Approximately 90 percent of Maryland's residents live in and breathe air that violates the health standard for ozone. Ground-level ozone, Maryland's most serious air pollution problem, is formed when NOx and volatile organic compounds mix in the presence of bright, hot sunlight. While the state has taken several significant measures to reduce the two precursor chemicals that form ground-level ozone such as establishing the Vehicle Emissions Inspection Program, an analysis of transport of ground-level ozone air pollution by EPA found that 11 jurisdictions significantly contribute to Maryland's ozone concentrations. Those states are Illinois, Indiana, Kentucky, Michigan, North Carolina, Ohio, Pennsylvania, Tennessee, Virginia, West Virginia and the District of Columbia.
The federal Clean Air Act allows states to petition EPA to take action against sources of pollution in other states that contribute to that state’s violations of federal health-based air quality standards. Nine other northeastern states; New Jersey, Connecticut, Maine, Massachusetts, New Hampshire, New York, Pennsylvania, Rhode Island, and Vermont have such petitions pending before EPA. Maryland has been named in many of these petitions as contributing to other states' air pollution.
Maryland has requested that EPA order sources in 11 other jurisdictions in the Midwestern and mid-Atlantic area to adhere to specific emission limits and EPA-mandated timeframes for reducing air emissions from large electric generating units and non-electric generating units.
In 1994, Maryland and several other states requested that EPA address the overwhelming transport of ozone across state boundaries. In cooperation with the National Governors Association and the Environmental Council of the States, EPA created the 37-state Ozone Transportation Assessment Group (OTAG).

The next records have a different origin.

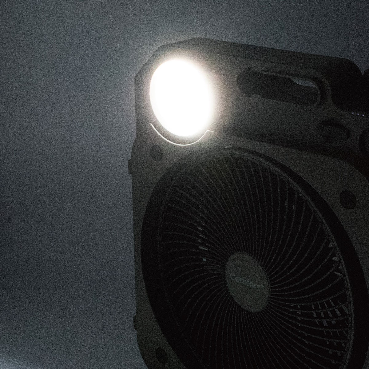 スマートフォンの充電もできる!薄型送風扇持ち運びもラクラク!〇首振り約90°〇LEDライト点灯時明るさ3段階&SOSモード〇充電式&スリムコンパクト
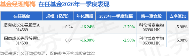 证券之星消息,日前招商成长先导股票C基金公布一季报,2026年一季度最新规模0.04亿元,季度净值涨幅为-2.9%。
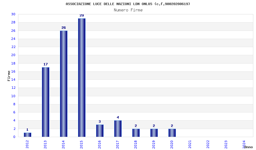 | Anno | Firme | Importi | Media | Naz. | Reg. | Prov. | Comu. |
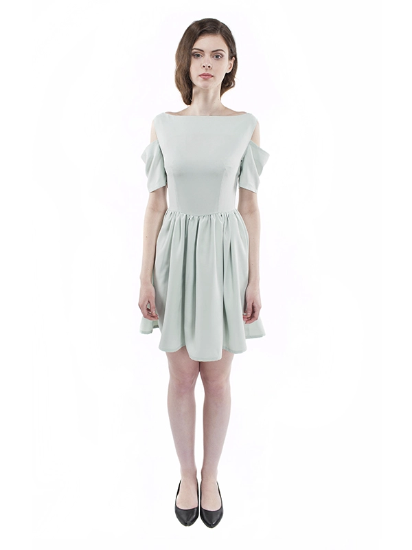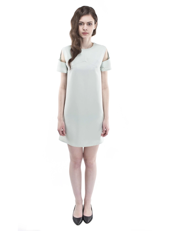 3. Оригинальное платье мятного цвета. Низ - отрезной, в сборку. Верх - по фигуре, горловина - лодочка. Рукава с вырезами, спущенные, спадающие. Сзади замочек. Ткань - шелк

An OTAG study conclusively demonstrated that emissions of NOx from upwind states to the south and west are a major cause of ozone air pollution in the Northeast. On July 8, 1997, OTAG recommended that EPA implement a number of specific and national control measures to reduce the transport of ozone. EPA promulgated regulations, which established NOx emission caps for 23 jurisdictions, including Maryland, effective in 2003.
The federal statute requires EPA, within 60 days, to make a finding whether to grant or deny the petition.